For our Account feature class, we may want to ingest data from a Snowflake table. We can write a SQL file resolver to do this:

src/balance.chalk.sql
-- Incrementally ingest account data from Snowflake.
-- This comment will be searchable in the Chalk dashboard.
--
-- resolves: account
-- source: snowflake
-- type: offline
-- cron: 5m
-- incremental:
--   mode: row
--   lookback: 1h
select
    id,
    user_id,
    amount,
    updated_at
from accounts;

There are a few differences between this SQL file resolver and the one we wrote for the User feature class.

First, we’ve added a type key to the header. This tells Chalk that this resolver should be used to ingest data into the offline store. If we didn’t include this key, Chalk would assume that this resolver could be queried in realtime.

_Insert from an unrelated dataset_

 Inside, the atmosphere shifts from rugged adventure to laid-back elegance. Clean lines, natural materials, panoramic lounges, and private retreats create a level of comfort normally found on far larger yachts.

Second, we’ve added a cron key to the header. This tells Chalk to run this resolver on a schedule. In this case, we’re telling Chalk to run this resolver every 5 minutes.

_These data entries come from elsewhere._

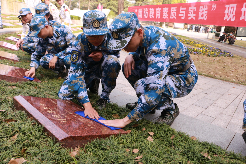 MILAN.COM米兰(中国)国防素质教育与实践课程第一课在镇江烈士陵园开讲,50余名同学伫立于革命烈士纪念碑下,校人武部张芳友老师进行现场教学,带领同学们来到烈士墓碑前,为革命烈士献花并清洗墓碑,在自己的战友墓碑前为同学们讲述了他亲身经历过的战争,用鲜活的案例再现了革命战士的英勇顽强、坚贞不屈,引导学生们缅怀革命先烈,传承红色精神,强化责任担当。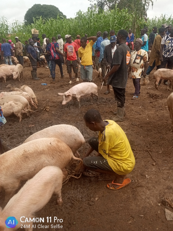 - "The image depicts an outdoor pig market or gathering in Unguwan Rimi, Nigeria, under an overcast sky" by FM-ArV563, licensed under CC BY 4.0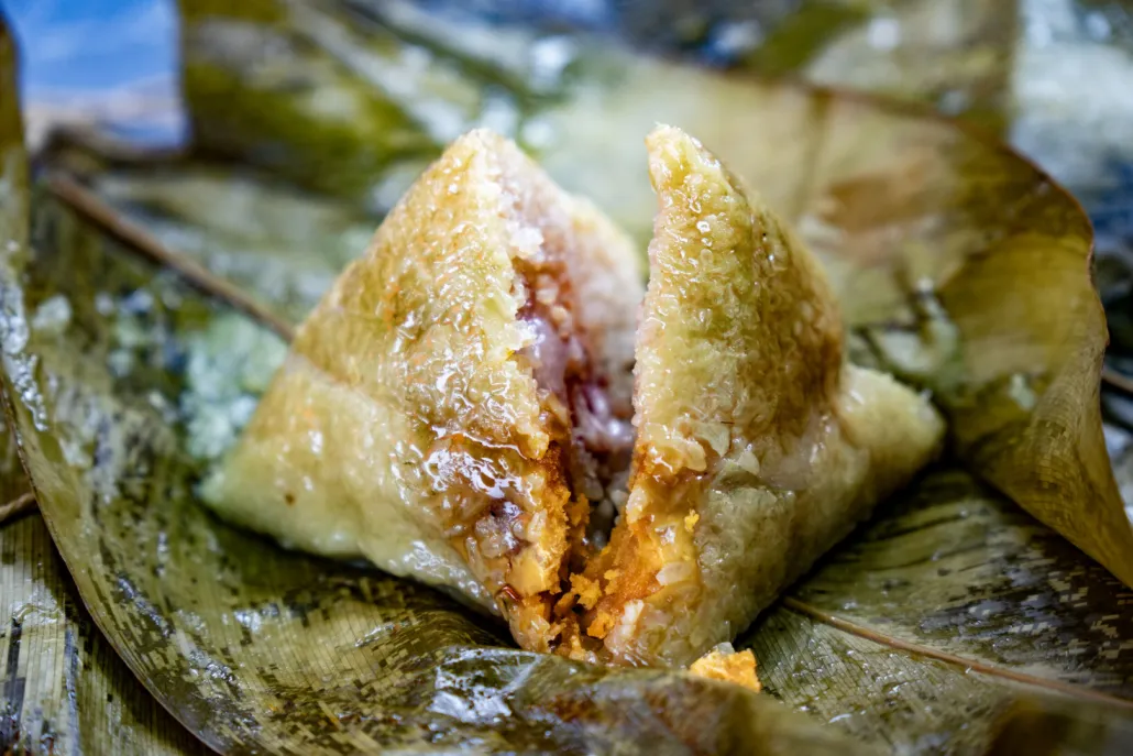 和乐粽:糯米吸饱鲜肉、咸蛋黄与虾米的油脂香气,用料扎实到每一口都裹着馅料,软糯不腻、油润香浓。蒸热后粽叶清香扑鼻,既是解馋硬菜,又藏着“年年粽有好彩头”的年味寓意,全家围坐分享超应景!

Finally, we’ve added an incremental key to the header. This tells Chalk to only ingest new data from the database, and is helpful when you have an immutable events table. Also, notice the new updated_at column in the select statement. We’ll map that column to a FeatureTime attribute in our feature class:

src/models.py
from chalk.features import feature, features, FeatureTime

@features
class Account:
  id: int
  user_id: int
  amount: float
  updated_at: FeatureTime

Features with overriden observation timestamps are inserted into the offline store with the timestamp that you specify. The observation timestamp works like an “effective as of” timestamp. When you sample historical data, you can specify the observation timestamp at which you want to sample a feature value. Then, Chalk will return the most-recent feature value that was observed before that timestamp. This method of sampling ensures temporal consistency in your feature values.

Reverse ETL

While our offline data is useful for training models and generating features, we may also want to use these values for serving production queries.

However, data warehouses like Snowflake and BigQuery are optimized for analytics and are not well-suited for transactional queries.

We can have Chalk reverse-ETL our offline data into our online store by setting the max_staleness and etl_offline_to_online keyword arguments on our @features decorator:

src/models.py
@features
@features(max_staleness="infinity", etl_offline_to_online=True)
class Account:
  id: int
  user_id: int
  amount: float
  updated_at: FeatureTime

The max_staleness keyword argument tells Chalk how stale a feature value can be before it should be refreshed. In this case, we’re telling Chalk that we’ll tolerate arbitrarily old feature values. However, we could also specify a max_staleness of 1h or 1d to tell Chalk not to serve feature values that are older than 1 hour or 1 day.

The etl_offline_to_online keyword argument tells Chalk to reverse-ETL our offline data into our online store. By default, data only enters the online store when it’s queried in realtime. However, by setting this keyword argument, we’re telling Chalk to reverse-ETL our offline data into our online store.